CAL FIRE Nevada-Yuba-Placer Unit Chief Brian Estes highlighted the collaboration between fire, law enforcement and county agencies. “I have about 30 years of experience in different regions in our agency. We have a tremendous commitment to Nevada County.” He related some of his conversations with County CEO Alison Lehman about cost/benefit analyses for the goals [see chart below] set forth by Nevada County and said that from a CAL FIRE perspective there is “much more bang for the buck. They are really, really good goals. When we talk about creating safe evacuation roads countywide to protect lives, certainly Sheriff Moon has the jurisdictional authority for evacuations, but the evacuation and egress routes are such a key component. Yes, it does take maintenance, but the maintenance compared to a project like Ponderosa West pales in comparison. The big difference between access and egress is that the county does have that jurisdictional authority to do it… When I look at those measurable and attainable goals, I could not agree more with access and egress routes for evacuation planning being one of the top priorities for the county – and money well-spent.”
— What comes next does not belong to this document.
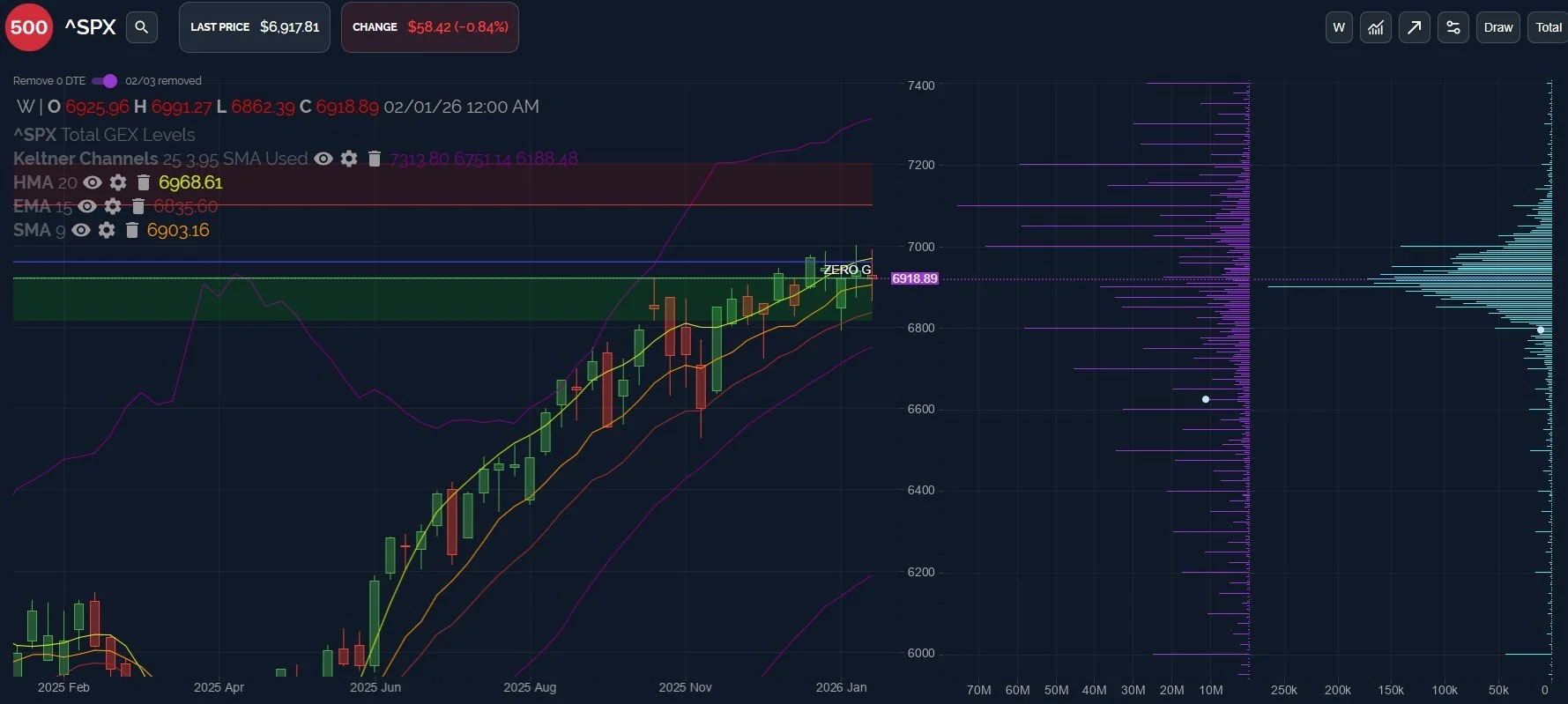 Looking at the total picture currently, we’re left with a slight bias toward the negative as SPX shows negative net GEX and remains below the daily and weekly HMAs. GEX levels that may serve as near-term magnets include 6800 to the downside and 7000 to the upside, which may become relevant if SPX can recapture 6950 again.

No vote taken on proposing a tax

After a brief beak for lunch, the discussion turned to a possible tax measure providing stable funding to accomplish the goals of the Wildfire Preparedness Action Plan. Grant funding, staff explained, is not a secure source of funding. State and federal agencies can, at any moment, decide not to renew grant funding opportunities and the competitive process never guarantees a favorable outcome. While Nevada County OES grant applications have higher success rates than the national average, delays between awarding grant funding and actually receiving the funds can stretch for years.
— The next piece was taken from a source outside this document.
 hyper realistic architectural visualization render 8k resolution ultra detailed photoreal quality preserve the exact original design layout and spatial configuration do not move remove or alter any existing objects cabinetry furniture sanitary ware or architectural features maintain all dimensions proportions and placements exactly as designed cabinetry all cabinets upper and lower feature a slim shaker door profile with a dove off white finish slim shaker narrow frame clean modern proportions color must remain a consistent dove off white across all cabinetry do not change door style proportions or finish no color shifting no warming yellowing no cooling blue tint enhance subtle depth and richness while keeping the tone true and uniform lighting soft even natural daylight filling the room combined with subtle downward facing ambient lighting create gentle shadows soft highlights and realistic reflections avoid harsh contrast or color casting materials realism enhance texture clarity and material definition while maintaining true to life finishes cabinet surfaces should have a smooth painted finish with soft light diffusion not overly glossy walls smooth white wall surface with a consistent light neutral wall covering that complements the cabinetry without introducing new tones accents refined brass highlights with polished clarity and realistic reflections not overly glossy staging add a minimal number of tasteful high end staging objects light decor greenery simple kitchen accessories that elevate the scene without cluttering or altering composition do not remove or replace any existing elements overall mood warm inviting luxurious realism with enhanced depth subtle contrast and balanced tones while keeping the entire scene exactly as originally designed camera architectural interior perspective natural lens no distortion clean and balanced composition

During a workshop, no votes are taken, but Supervisors signaled agreement to direct staff “to engage stakeholders in developing a public safety evacuation and hazardous vegetation reduction tax measure to submit to the voters in November 2020.”

If the BOS decides to move forward and put the tax on the November 2020 ballot, a two-thirds majority of Yes votes would be needed.
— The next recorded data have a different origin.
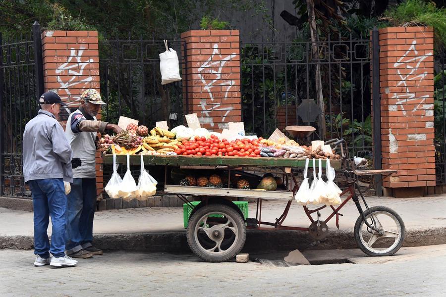 A vendor sells vegetable and fruit on a street in Havana, capital of Cuba, Feb. 23, 2026. (Photo by Joaquin Hernandez/Xinhua)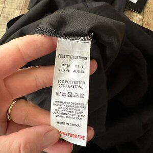 This chic black midi dress, crafted by PrettyLittleThing, features a stylish one-shoulder design. Its woven fabric enhances the elegant drape and fit, offering a sophisticated look suitable for various formal settings. The brand's attention to detail ensures a flattering silhouette for those seeking both comfort and style.
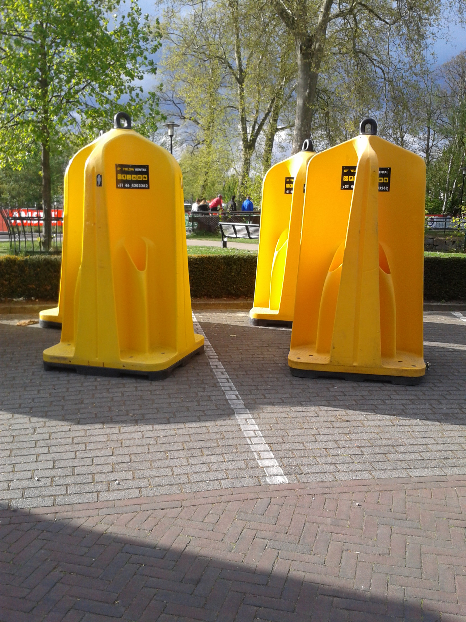 The organizers were prepared for the inevitable with these minimalist beauties scattered at strategic points throughout the event. Painted yellow, like the Golden Arches, they make you want to go.

Staff will now prepare a detailed proposal, including cost estimates, the amount of the proposed tax, and then bring the item to the BOS for discussion and a possible vote.

Other topics

The OES overview was followed by a presentation of the Homeless Plan Update and a legislative update. Tomorrow, the BOS will discuss the county’s Vision, Mission and Value Statement, hear updates on the capital facilities improvement plans for public safety facilities, the needs of the animal shelter and library facilities.

The county’s engagement with residents and an update on the cannabis permitting process will take up the rest of the morning. In the afternoon, updates from Planning and Ag departments will take center stage. The day will conclude with discussions by supervisors on topics raised during the day. On Friday morning, the whole session will be devoted to economic development before the BOS’ 2020 objectives will be summed up by the facilitator.

The workshop is open to the public and starts at 8:30 am at the Foothills Event Center on Idaho-Maryland Road in Grass Valley.